WHAT YOU SHOULD DO: In the records below, the line with "18) Remove the" and every line after it must be written out exactly; no pictures belong in the result.

DATA EXCERPTS:
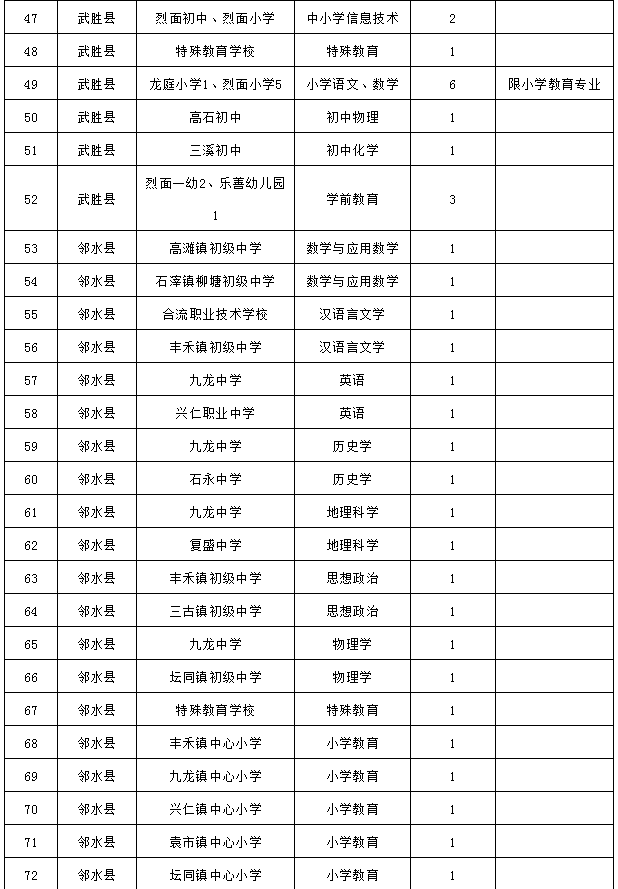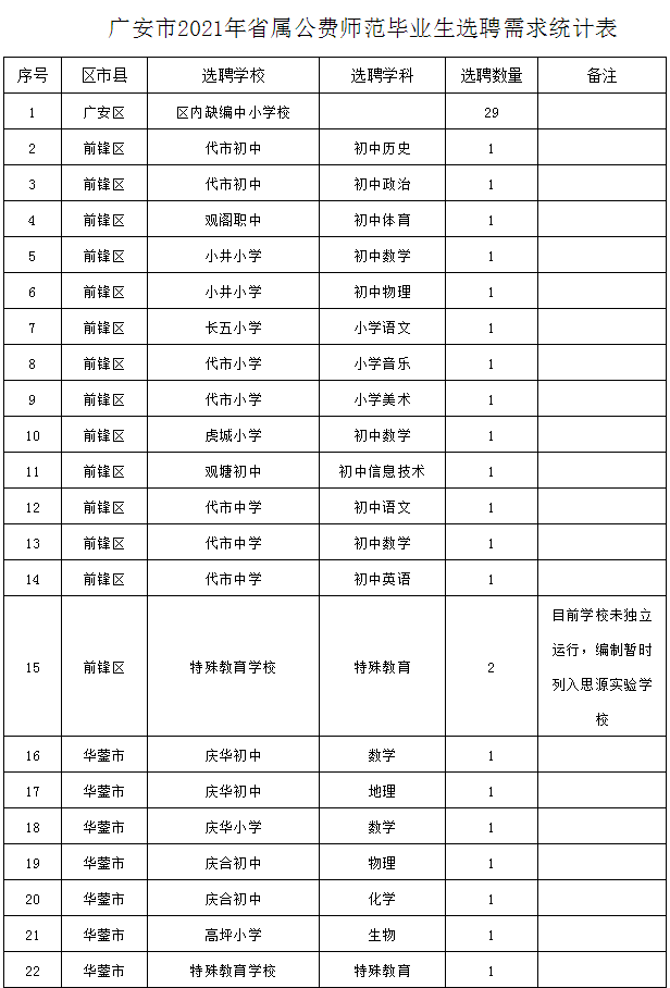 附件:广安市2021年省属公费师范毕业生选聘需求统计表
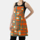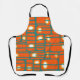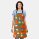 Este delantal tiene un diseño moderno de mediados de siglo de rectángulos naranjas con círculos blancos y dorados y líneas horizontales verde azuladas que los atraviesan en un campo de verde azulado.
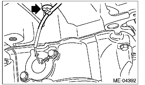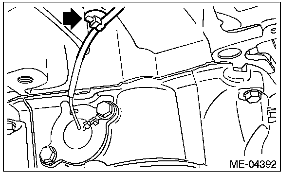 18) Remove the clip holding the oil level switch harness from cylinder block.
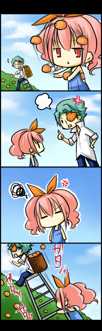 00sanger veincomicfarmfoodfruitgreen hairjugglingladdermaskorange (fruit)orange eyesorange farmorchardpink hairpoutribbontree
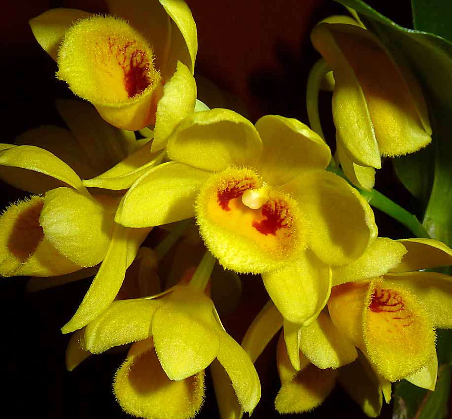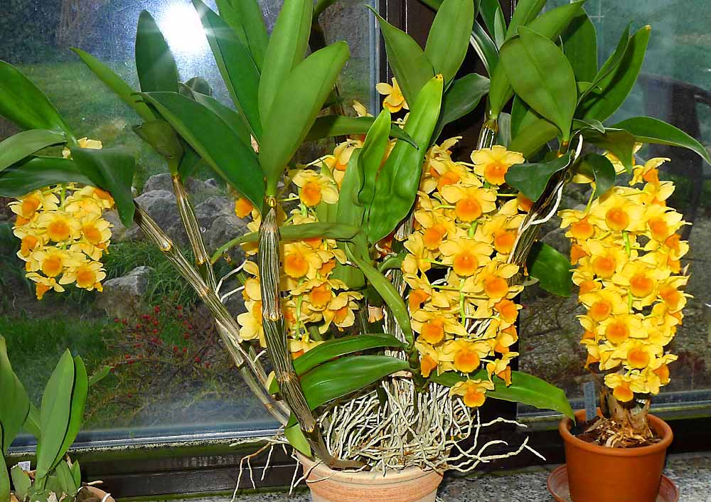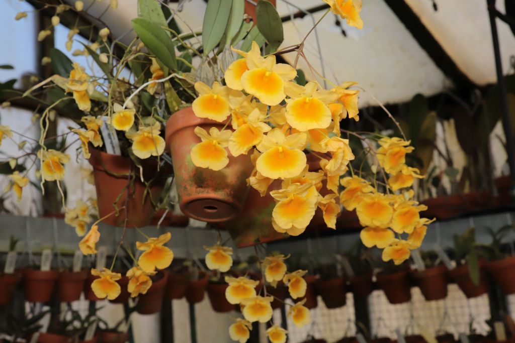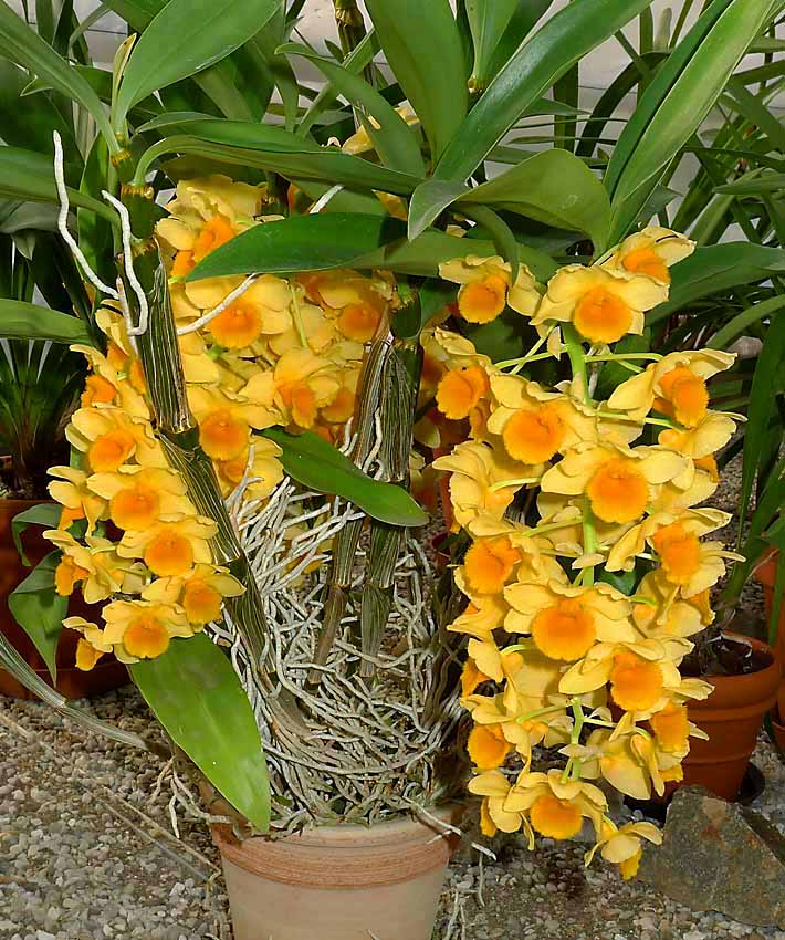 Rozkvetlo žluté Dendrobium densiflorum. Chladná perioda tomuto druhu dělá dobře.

SOLUTION TO THIS TASK:
 18) Remove the clip holding the oil level switch harness from cylinder block.
 00sanger veincomicfarmfoodfruitgreen hairjugglingladdermaskorange (fruit)orange eyesorange farmorchardpink hairpoutribbontree
 Rozkvetlo žluté Dendrobium densiflorum. Chladná perioda tomuto druhu dělá dobře.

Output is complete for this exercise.